[Date Prev][Date Next][Thread Prev][Thread Next][Date Index][Thread Index]

Re: [Condor-users] Restarting completed dag jobs does not work anymore with 6.8.0



On Aug 17, 2006, at 2:28 PM, Horvátth Szabolcs wrote:
Peter F. Couvares wrote:
Better yet, the easiest thing to do now is just to specify a POST script which, when it sees that the job failed, sleeps until it sees some special file appear, and then uses that file's (integer) contents as its own return code. Combined with a RETRY, this would allow a human to decide whether the node should succeed or retry (by writing a 0 or 1 to the special file, respectively), and then let DAGMan do the rest.
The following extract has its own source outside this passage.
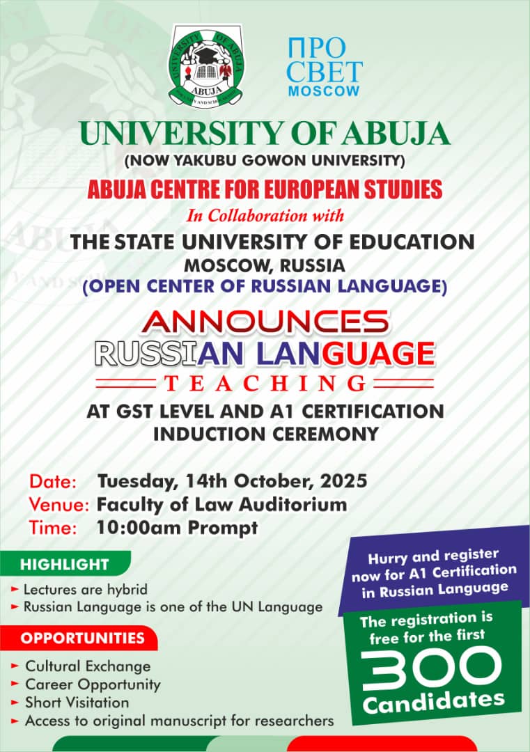 The University of Abuja (now Yakubu Gowon University) has announced the introduction of Russian language teaching at the General Studies (GST) level, alongside an A1 Certification Programme, in collaboration with the State University of Education, Moscow, Russia (Open Center of Russian Language).

But it would require to add a sleeping post script to all of the jobs in the dag because at the job submission I don't know which one will fail. So for a DAGMan job of 3000 jobs I'll get 3000 additional post scripts that wait for the users input (that is only required for lets say 1 out of 3000).

No, the POST script should "pause" only if the job fails, and otherwise propagate the job's successful return code. So successful jobs in fact require no human intervention -- but failed jobs get the benefit of human "confirmation", as you wish. For example, the POST script could be as follows:

#!/bin/sh
# magic_pausing_POST_script.sh
job_retval=$1
node_name=$2
if [ $job_retval -ne 0 ]; then
  echo "$node_name failed; waiting for human intervention"
  special_filename=please_continue.$node_name
  while [ ! -f $special_filename ]; then
    sleep 60;
  done
  new_retval=$(<$special_filename)
echo "$special_filename found! Horvátth decided that $node_name should have returned $new_retval"
  rm $special_filename
  return $new_retval
fi
return 0

As long as you specify your DAG like so:

JOB foo foo.sub
SCRIPT POST foo foo.sh $RETURN $JOB
RETRY foo 10

...then the POST script will "know" the job's return code, so it can continue if the job succeeds and pause only if it fails -- and if it pauses, a human gets to decide if it *really* failed and needs to be retried or whether it succeeded, and DAGMan will take care of it.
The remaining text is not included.